Production Audiovisuelle : 5 juillet 2018
Cour d’appel de Versailles
RG n°
17/04383
COUR D’APPEL
DE
VERSAILLES
21e chambre
Renvoi après cassation
ARRET N°
CONTRADICTOIRE
DU 05 JUILLET 2018
N° RG 17/04383
AFFAIRE :
Sophie X…
C/
SAS C8 (ANCIENNEMENT D8)
…
Décision déférée à la cour: Arrêt rendu le 06 juillet 2017 par la Cour de Cassation de PARIS
N° Section:
N° RG : T16-15.950
Copies exécutoires délivrées à :
la AARPI Y… & ASSOCIES
la SCP AUGUST & DEBOUZY et associés
Copies certifiées conformes délivrées à :
Sophie X…
SAS C8 (ANCIENNEMENT D8), SASU C8 FILMS (ANCIENNEMENT D8 FILMS)
le : 06 juillet 2018
RÉPUBLIQUE FRANÇAISE
AU NOM DU PEUPLE FRANÇAIS
LE CINQ JUILLET DEUX MILLE DIX HUIT,
La cour d’appel de VERSAILLES, a rendu l’arrêt suivant dans l’affaire entre:
DEMANDERESSE ayant saisi la cour d’appel de Versailles par déclaration enregistrée au greffe social le 1er septembre 2017 en exécution d’un arrêt de la Cour de cassation du 06 juillet 2017 cassant et annulant l’arrêt rendu le 1er mars 2016 par la cour d’appel de Versailles (6ème chambre)
Madame Sophie X…
[…]
comparante en personne, assistée de Me William Y… de l’AARPI Y… & ASSOCIES, avocat au barreau de PARIS, vestiaire : R143
substitué par Me Z…, avocat au barreau de Paris ;
DEMANDERESSE DEVANT LA COUR DE RENVOI
****************
SAS C8 (ANCIENNEMENT D8)
N° SIRET : 444 564 793
[…] / France
représentée par Me Eric A… de la SCP AUGUST & DEBOUZY et associés, avocat au barreau de PARIS, vestiaire : P0438 – N° du dossier 0434-TIS, M. Eric A… (Avocat) en vertu d’un pouvoir général
SASU C8 FILMS (ANCIENNEMENT D8 FILMS)
N° SIRET : 438 114 746
[…] / France
représentée par Me Eric A… de la SCP AUGUST & DEBOUZY et associés, avocat au barreau de PARIS, vestiaire : P0438 – N° du dossier 0434-TIS
DEFENDERESSES DEVANT LA COUR DE RENVOI
****************
Composition de la cour :
L’affaire a été débattue à l’audience publique du 28 mai 2018, devant la cour composée de:
Monsieur Philippe FLORES, Président,
Madame Florence MICHON, Conseiller,
Madame Bérénice HUMBOURG, Conseiller,
et que ces mêmes magistrats en ont délibéré conformément à la loi, après avoir entendu , avocat général en ses réquisitions,
dans l’affaire,
Greffier, lors des débats : Madame Christine LECLERC
Mme X… a été engagée en qualité d’opératrice synthétiseur ou prompteur pour le tournage et la diffusion de programmes télévisés, suivant divers contrats à durée déterminée d’usage à compter du 22 novembre 2010 par les sociétés Direct Production devenue D8 Films et D8, puis C8 et C8 films, sociétés du groupe CANAL+.

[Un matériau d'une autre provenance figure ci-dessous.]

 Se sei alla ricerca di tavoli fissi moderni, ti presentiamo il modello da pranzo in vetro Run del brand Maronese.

La relation de travail a pris fin le 21 juin 2013.
Mme X… a saisi le conseil de prud’hommes de Boulogne-Billancourt pour obtenir la requalification de ses contrats à durée déterminée en contrat à durée indéterminée ainsi que le paiement de diverses sommes au titre de l’exécution et de la rupture de son contrat de travail.
Par jugement du 20 janvier 2015, le conseil a débouté Mme X… de l’ensemble de ses demandes.

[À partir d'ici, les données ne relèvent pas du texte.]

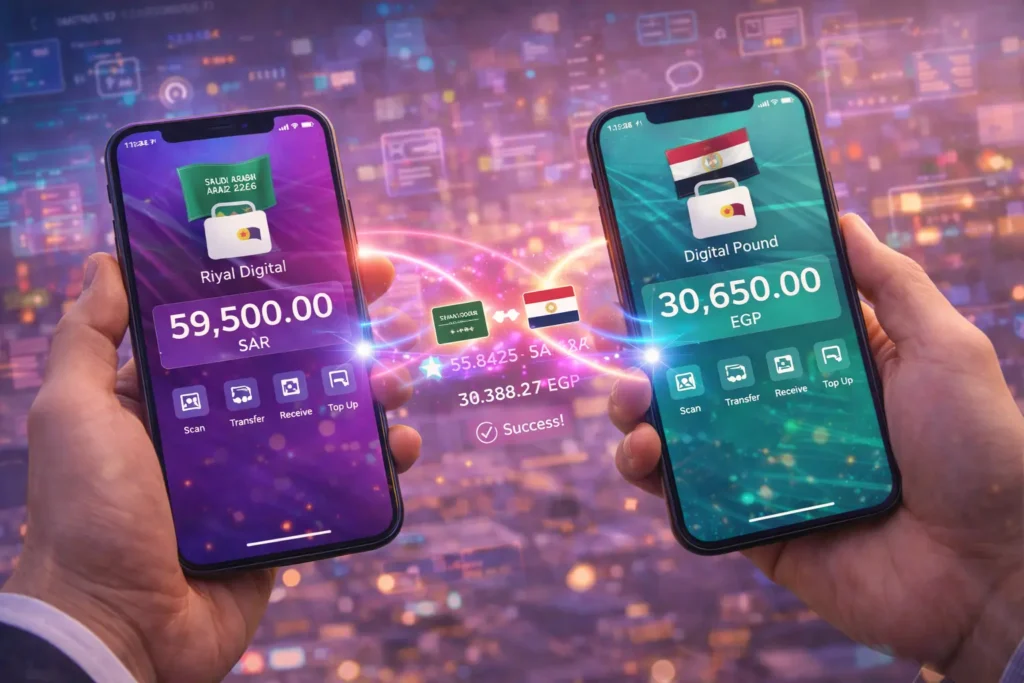 - تحويلات فورية مجانية: التحويل من “جنيه رقمي” إلى “ريال رقمي” أو أي عملة أخرى سيتم في أجزاء من الثانية دون الحاجة لوسطاء أو رسوم تحويل دولي باهظة.

Mme X… a relevé appel de ce jugement.
Par arrêt rendu le 1er mars 2016, la cour d’appel de Versailles (sixième chambre) a :
– infirmé le jugement du conseil de prud’hommes de Boulogne-Billancourt du 20 janvier 2015, et statuant à nouveau :
– requalifié en contrat à durée indéterminée à temps plein la relation contractuelle conclue à compter du 22 novembre 2010 et jusqu’au 21 juin 2013, entre alternativement la société D8 Films (anciennement société Direct Productions) et la société D8 (anciennement Direct 8) et Mme X… ;
– condamné in solidum les sociétés D8 et D8 Films à payer à Mme X…, sur la base d’un salaire de référence de 3 846,90 euros brut/mois, les sommes de 96 956,70 euros au titre des rappels de salaires au titre des années 2010 à 2013, 969,56 euros au titre des congés payés afférents, 7 693,80 euros d’indemnité de préavis, 769,38 euros au titre des congés payés afférents, 1 923,45 euros d’indemnité conventionnelle de licenciement ; avec intérêts au taux légal à compter du 30 janvier 2014, 3 846,90 euros à titre d’indemnité de requalification, 24 000 euros à titre d’indemnité pour licenciement sans cause réelle et sérieuse, 1 000 euros à titre de dommages et intérêts pour exécution déloyale du contrat de travail, 3 000 euros sur le fondement de l’article 700 du code de procédure civile, avec intérêts au taux légal à compter du présent arrêt ;
– débouté les parties de leurs demandes plus amples ou contraires ;
– condamné in solidum les sociétés D8 et D8 Films aux dépens de première instance et d’appel.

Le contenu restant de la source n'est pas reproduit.